While adversarial training has become the de facto approach for training robust classifiers, it leads to a drop in accuracy. This has led to prior works postulating that accuracy is inherently at odds with robustness. Yet, the phenomenon remains inexplicable. In this paper, we closely examine the changes induced in the decision boundary of a deep network during adversarial training. We find that adversarial training leads to unwarranted increase in the margin along certain adversarial directions, thereby hurting accuracy. Motivated by this observation, we present a novel algorithm, called Helper-based Adversarial Training (HAT), to reduce this effect by incorporating additional wrongly labelled examples during training. Our proposed method provides a notable improvement in accuracy without compromising robustness. It achieves a better trade-off between accuracy and robustness in comparison to existing defenses. Code is available at https://github.com/imrahulr/hat.
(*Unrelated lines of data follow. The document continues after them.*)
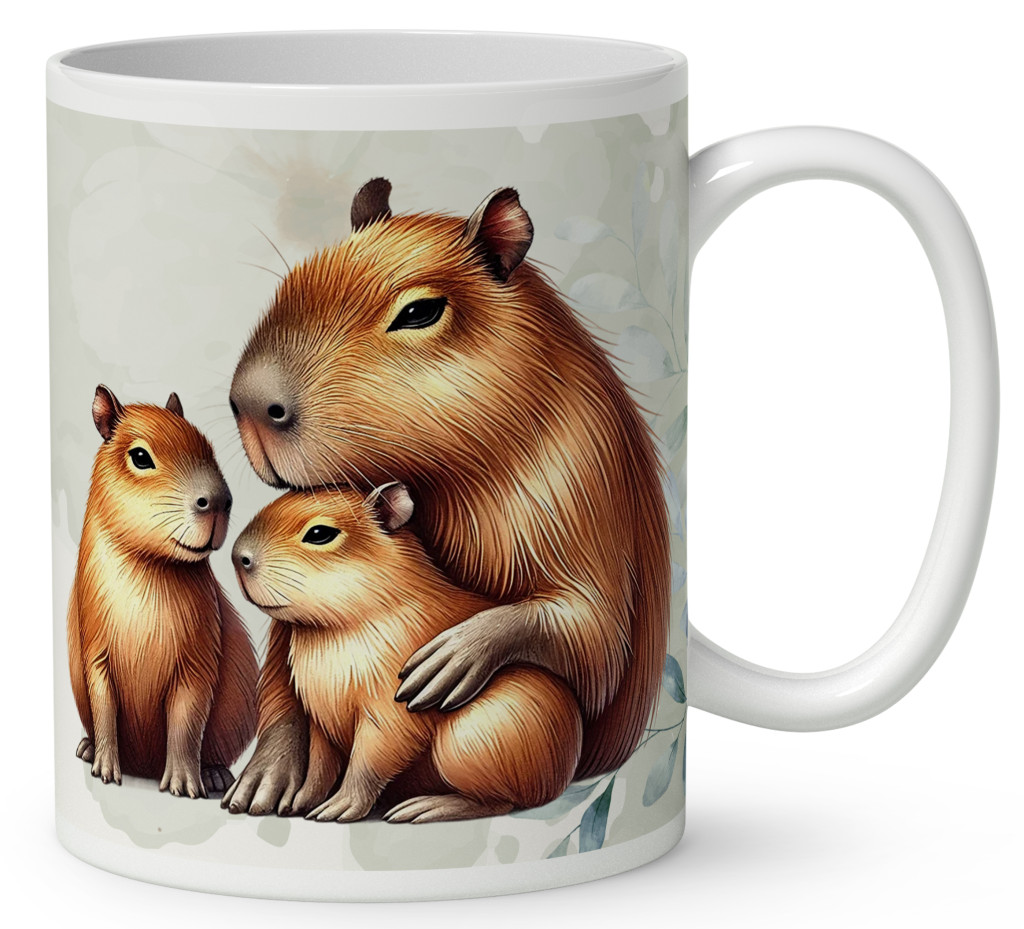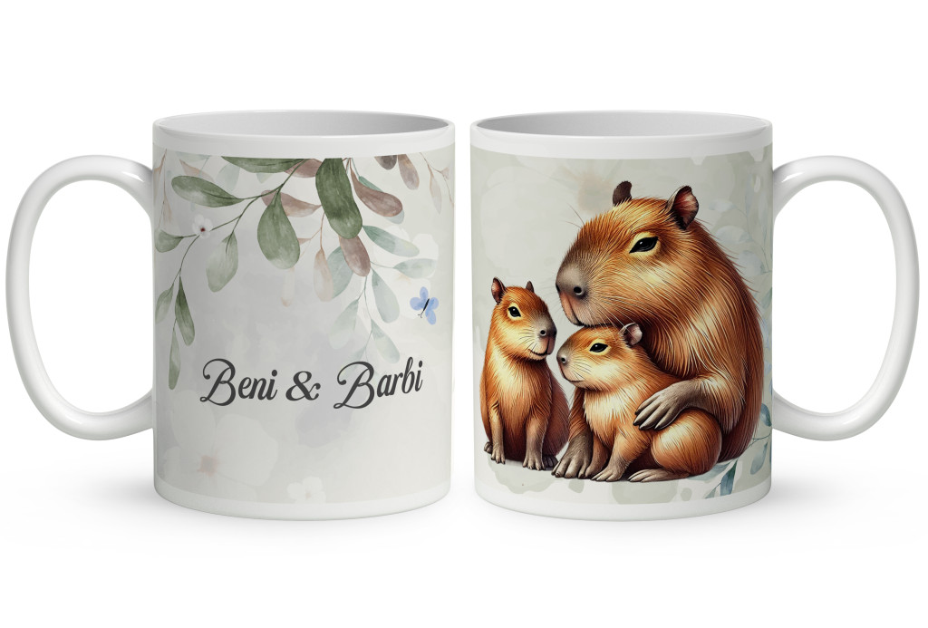 Névvel kérhető - Capybara és a kölykök mintás bögre | Ajándék ötlet Kapibara rajongóknak | nagyoncuki.hu
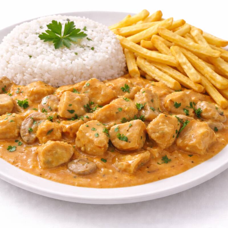 Delicioso stroganoff de pollo, elaborado con crema espesa, leche entera y algunos ingredientes de la receta de la abuela, servido con arroz blanco y papas fritas.
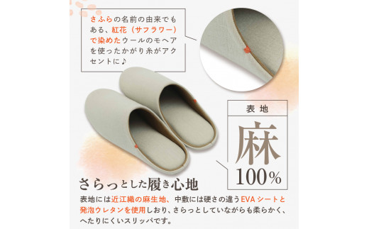 ☆ベージュ・Mサイズ☆ 麻のスリッパ「さふら」 1足
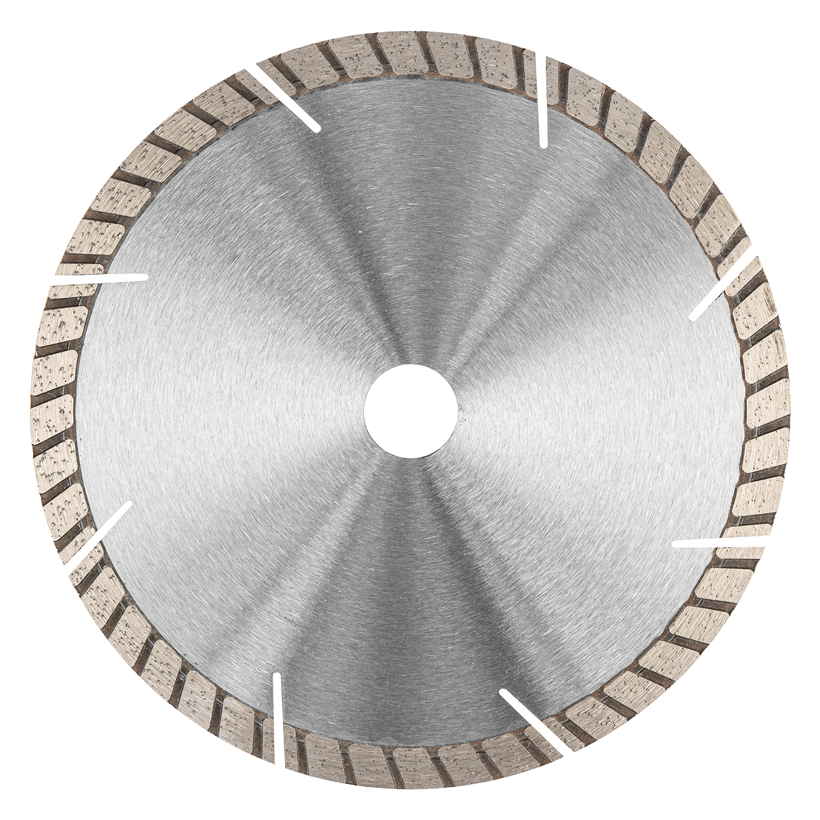 - Эффективная работа — благодаря турбо-сегментной форме диск быстро режет материалы, в т.ч. армированный бетон, водяное охлаждение не требуется.
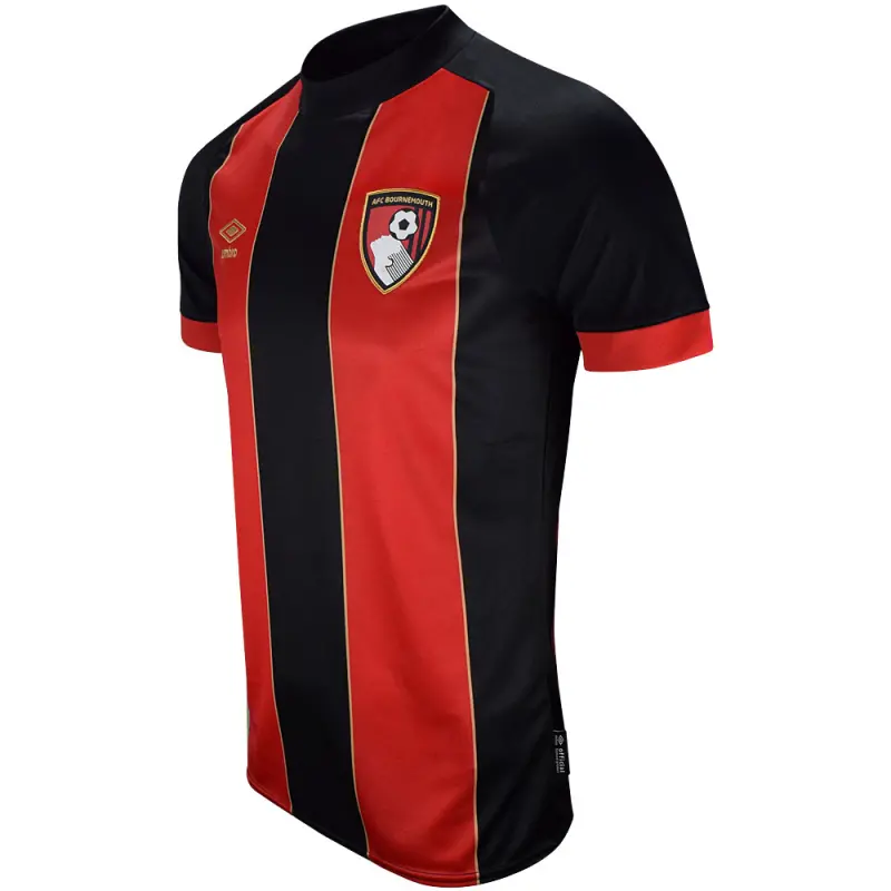 The AFC Bournemouth 2024-25 home shirt celebrates the club’s 125 year anniversary, with a nod to the 10th anniversary of our first promotion to the Premier League. This unsponsored men’s home shirt features wide red and black stripes, with a subtle gold pinstripe in homage to the 14/15 season kit, and a special 1899-2024 motif on the rear neckline. Made by kit supplier Umbro, is identical to the shirts worn by the first team players. Finished with a special embroidered Umbro centenary stacked diamond, and woven club crest.
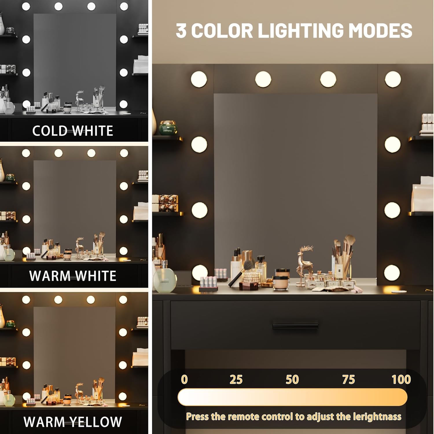 - Clear Mirror & 3 Colors of Lights: Large clear mirror with 10 three-color and brightness adjustable LED bulbs, perfectly adapt to a variety of ambient light, to create the most comfortable makeup environment for you and easy to apply beautiful makeup.
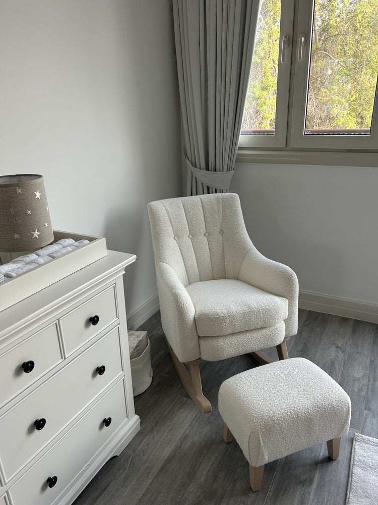 This beautiful boucle Chloe Rocking Chair and Footstool is designed for ultimate comfort and style. We know the importance of furniture which is practical in use and fits the aesthetic of your home.
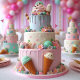 PLAISANTE GLACE THEMED ANNIVERSAIRE DE ENFANT LAYER GÂTEAU À L'AVANT DE LA CARTE. COPIE COMPLÈTEMENT MODIFIABLE SUR LE DOS.
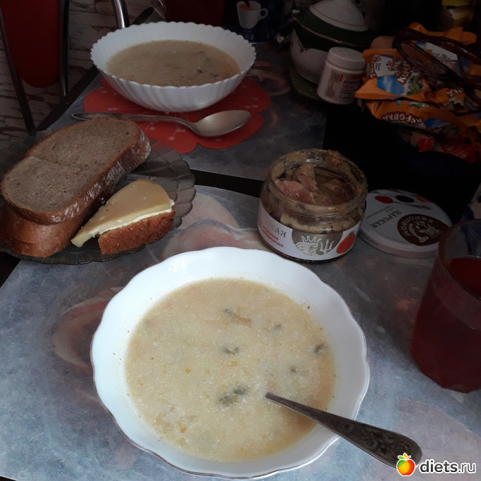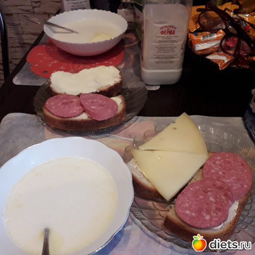 У Гриши творог и бутерброды, у меня -бутерброды

**You Mostly Walk Alone: Analyzing Feature Attribution in Trajectory Prediction**

Osama Makansi · Julius von Kuegelgen · Francesco Locatello · Peter Gehler · Dominik Janzing · Thomas Brox · Bernhard Schoelkopf

Predicting the future trajectory of a moving agent can be easy when the past trajectory continues smoothly but is challenging when complex interactions with other agents are involved. Recent deep learning approaches for trajectory prediction show promising performance and partially attribute this to successful reasoning about agent-agent interactions. However, it remains unclear which features such black-box models actually learn to use for making predictions. This paper proposes a procedure that quantifies the contributions of different cues to model performance based on a variant of Shapley values. Applying this procedure to state-of-the-art trajectory prediction methods on standard benchmark datasets shows that they are, in fact, unable to reason about interactions. Instead, the past trajectory of the target is the only feature used for predicting its future. For a task with richer social interaction patterns, on the other hand, the tested models do pick up such interactions to a certain extent, as quantified by our feature attribution method. We discuss the limits of the proposed method and its links to causality.